The dnaQ mutator alleles were isolated in three different experiments, each based on localized mutagenesis of the dnaE-dnaQ region of the chromosome using hydroxylamine-treated P1 phage as described (31) and papillation assays to detect mutators. The papillation assays were based on reversion of the galK2 allele (32), yielding dnaQ918 through dnaQ924, reversion of the lacZ75 frameshift allele (J.-Y.Mo and R.M.Schaaper, unpublished data) yielding dnaQ927 through dnaQ933, or reversion of the lacZ allele from strain CC105 (33) yielding dnaQ942 through dnaQ950 (unpublished data). For the mutagenesis experiments of Figure 1, the dnaQ alleles were transferred into strain NR9601 (32) by P1 transduction using P1virA. Selection was for the tetracycline resistance conferred by transposon zae-502::Tn10 (~40% linkage) followed by scoring for mutator phenotype. Complementation experiments (see below) were performed in the mismatch-repair-deficient mutL strains NR9501 and NR9606, into which the dnaQ alleles were likewise transduced. NR9606 has been described (32); NR9501 is identical to NR9606, except it carries a different lacZ allele (lacZ75). NR10187 (carrying the dnaE915 and dnaQ49 mutations), used for cloning some of the dnaQ alleles, was constructed from strain NR10180 (32) by transfer of dnaE915 by P1 transduction from NR9905 (34) using the double chloramphenicol-tetracycline (zae::Tn10d-Cam, zae-502::Tn10) selection (34). pBluescript (KS+) was obtained from Stratagene. Mini-F plasmid pOF216 (35) was obtained from the American Type Culture Collection (Rockville, MD). Plasmid pSTB101 is identical to pOF216 but carrying in its EcoRI site a 1.6 kb EcoRI fragment containing the dnaQ+ gene derived from pFF588 (16). LB broth was standard recipe. Antibiotics were added as follows: ampicillin (amp) 100 µg/ml, rifampicin (rif) 100 µg/ml and spectinomycin (spec) 100 µg/ml. Solid media contained 1.5% bacto agar (Difco).

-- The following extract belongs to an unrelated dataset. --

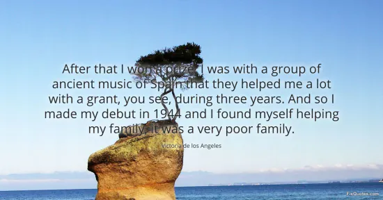 Angeles, Victoria de los. "After that I won a prize, I was with a group of ancient music of Spain that they helped me a lot with a grant, you see, during three years. And so I made my debut in 1944 and I found myself helping my family, it was a very poor family." FixQuotes. January 15, 2026. https://fixquotes.com/quotes/after-that-i-won-a-prize-i-was-with-a-group-of-154956/.

Mutant frequency determinations

To determine the mutant frequencies of Figure 1, eight independent colonies from each strain were toothpicked into 1 ml of LB medium and grown overnight at 37°C with agitation. Aliquots of appropriate dilutions were plated on LB-Rif plates to determine the number of Rifr colonies and on LB plates to determine the number of total cells. Mutant frequencies were calculated by dividing the median number of mutants by the average total number of cells.

Complementation assays

The dnaQ alleles were transduced into mutL strains NR9501 or NR9606 as described above. The dnaQmutL double mutators were electroporated with pSTB101 (dnaQ+) and plated on LB containing spectinomycin. Mutant frequencies were determined by growing dnaQmutL, with or without pSTB101, in LB overnight at 37°C, and Rifr mutant frequencies were determined as described above. Comparison of mutant frequencies in the presence or absence of the plasmid resulted in classification of the dnaQ alleles as dominant, partially dominant or recessive (Fig. 3).

Sequencing of dnaQ genes

For dnaQ918 through dnaQ933, the mutant genes were first cloned into pBluescript (KS+) as a 1.6 kb EcoRI fragment. Chromosomal DNA from each of the dnaQ mutator strains was isolated using the Easy DNA Kit (InVitrogen), restricted with EcoRI, size-purified on a 1% agarose gel and ligated into EcoRI-linearized pBluescript (KS+). The ligated DNA was transformed into strain NR10187 followed by plating on LB-Amp plates at 37°C. NR10187 is temperature sensitive due to the simultaneous presence of the dnaQ49 and dnaE915 (31) alleles; however, growth at 37°C is restored by temperature-resistant dnaQ alleles. Single-stranded DNA for DNA sequencing was generated by infecting selected transformants with helper phage VCM13 (Stratagene) as per Stratagene single-stranded rescue protocol. DNA sequencing was by the single-stranded protocol provided with 35Sequetide (Dupont NEN). Seven different primers covering the gene were used and each dnaQ allele was sequenced in its entirety. Alleles dnaQ942 through dnaQ950 proved difficult to clone by the above procedure, presumably due to the very high mutation rates associated with their proofreading deficiencies. For these alleles, two dnaQ specific primers, 5[prime]-TTCTCGCGTCCGCGATAGCG-3[prime] (forward primer) located at positions 1173-1154 and 5[prime]-TGCCTCGACCTCGTCAACGG-3[prime] (reverse primer) located at positions 189-208 (numbering system as in 14) were used to PCR amplify the chromosomal DNA containing the dnaQ gene. Single-stranded DNA for DNA sequencing was generated in an asymmetric PCR reaction using the double-stranded PCR product as template. DNA sequencing on the single-stranded DNA was performed as described above for dnaQ918 through dnaQ933.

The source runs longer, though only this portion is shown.